Le statut de la femme a constitué, depuis toujours, un sujet de préoccupation dans la société algérienne et d’autres sociétés du reste du monde. Cela se justifie par la place qu’elle occupe dans la société et surtout par le rôle qui est le sien dans le cadre de l’épanouissement de la cellule familiale et surtout de la société. Ce statut fait apparaitre des spécificités socioculturelles importantes liées aux modes de vie des communautés, à leurs cadres naturels de vie et de certaines contingences exogènes. Son évolution part toujours d’un héritage historique propre à chaque région.

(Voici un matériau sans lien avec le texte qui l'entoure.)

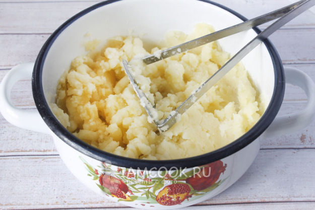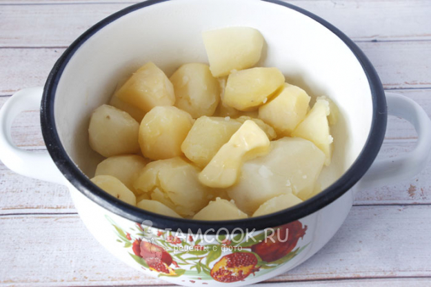 Готовим начинку. Картошку чистим, моем и отвариваем в подсоленной воде до готовности. Сливаем воду и кладем кусочек масла.

Parmi ces femmes qui ont pu marquer de leur épreinte l’histoire de notre pays, Sakina Ayoub. une jeune femme qui a défié la dureté du désert pour marquer l’histoire à l’échelle nationale et même internationale. Elle était d’une aide précieuse au projet national du parc culturel de l’Ahaggar. A titre amateur, et par amour grandiose à son lieu de naissance, elle prenait son appareil-photo et photographiait toutes les espèces rares existantes dans la nature.
Sakina ayoub s’est intégrée dans le projet, sans savoir que ce dernier allait changer sa vie pour toujours et que son histoire allait être contée à l’échelle nationale et même à l’internationale.
Trente-quatre ans, mère de  4 enfants, timide, réservée et pudique, sakina n’oublie pas de montrer sa beauté targuie ; maquillage simple, les ongles faits, le visage encadré de son voile traditionnel «El melhfa». elle s'exprime d'une façon à la fois nonchalante et assurée. Elle nous confie que son niveau scolaire n’a pas dépassé la 6ème année primaire, mais ses ambitions, sa détermination, son intelligence et sa volonté font l’équivalent d’une personne ayant suivi des études supérieures. «je regrette de ne pas avoir eu la chance de poursuivre mes études que j’aimait beaucoup. Le 7ème année moyen n’existait pas dans la région où je suis née», a-t-elle confié avec beaucoup d’émotion,  précisant que pour le faire, il fallait se déplacer à Tamanrasset. Mais cela n’était pas possible par-ce qu’elle n’avait aucune famille ou proche pour l’abriter. Cela n’a jamais était un handicap pour sakina et  n’a jamais diminué de sa volonté pour faire autre chose et laisser son empreinte à jamais.
K. A. A.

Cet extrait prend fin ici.